Tools are essential for starting, think Notion for documentation, Asana for project management, Mixpanel or PostHog for analytics, and Loom for async communication. But tools alone don’t create momentum.
Teams need Monday metric check-ins, weekly test cycles, customer insight reviews, just to name a few. Founders set the tone by modeling behavior. It’s the rituals that matter, then, they turn it into company culture.
Ryan puts it simply: “We’re not just building tools; we’re building infrastructure for digital trade.”
Avoiding the Common Traps
Even with structure, the path isn’t always smooth. Some founders over-focus on short-term results, chasing vanity metrics or shiny tactics that feel productive but don’t move the needle.
Others fall into micromanagement, drowning in dashboards instead of building intuition. Discipline should sharpen clarity, not create rigidity. Flexibility is part of the process. Knowing when to pivot is just as important as knowing when to persist.
Scaling Through Self-Replication
In the end, eCommerce scale isn’t just about growing a business.
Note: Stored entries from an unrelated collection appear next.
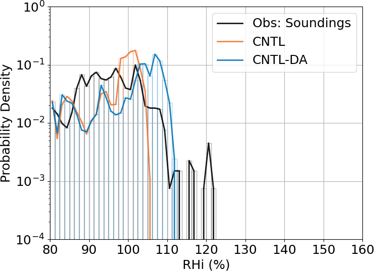 Excluding the White Lake (DTX) station from the analysis yields a closer agreement between the CNTL and CNTL-DA simulations and the observational distribution. This discrepancy arises not from deficiencies in the sounding data, but from GEM’s limited ability to represent the extreme ice-supersaturated conditions frequently observed over DTX.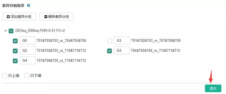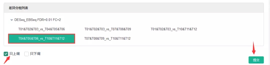 登錄百邁客云(www.biocloud.net)——進(jìn)入相應項目【報告】——差異基因挖掘—差異表達基因集查詢(xún)——點(diǎn)擊相應差異分組并選擇“只上調/只下調”,最后點(diǎn)擊“提交”。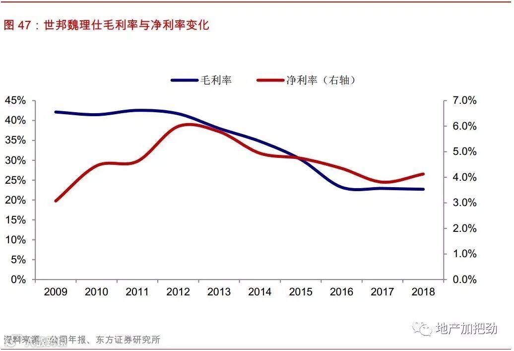 持续并购设备管理公司,外包业务比重上升,毛利率逐渐下降。公司认为业主将物业外包给第三方专业机构进行管理是未来的发展趋势。公司从2013年开始重点收购设备管理公司,外包物业在收入中的比重逐渐上升。随着外包业务的增长,公司的盈利结构也发生了改变,2013年以前公司的租赁咨询和物业销售业务使得公司的毛利率常年维持在40%以上。从2013年开始,公司毛利率开始发生明显下滑,由2013年41.7%下降到了2018年的22.9%。而公司对净利率的控制比较稳定,2009~2018年公司的净利率一直保持4%~5%左右,这一变化的原因是公司成本结构中服务成本的比重上升和经营管理费用的占比下降。

It’s about repeating successful systems at every level. When founders internalize high-performance habits, they turn them into processes, then culture, then legacy.
Growth doesn’t require more motivation. It requires more precision. More consistency. Your calendar, not your to-do list, is your business plan.
In a space dominated by noise and novelty, Change and its founder are quietly reshaping the conversation. They aren’t chasing trends but building resilience, one habit at a time.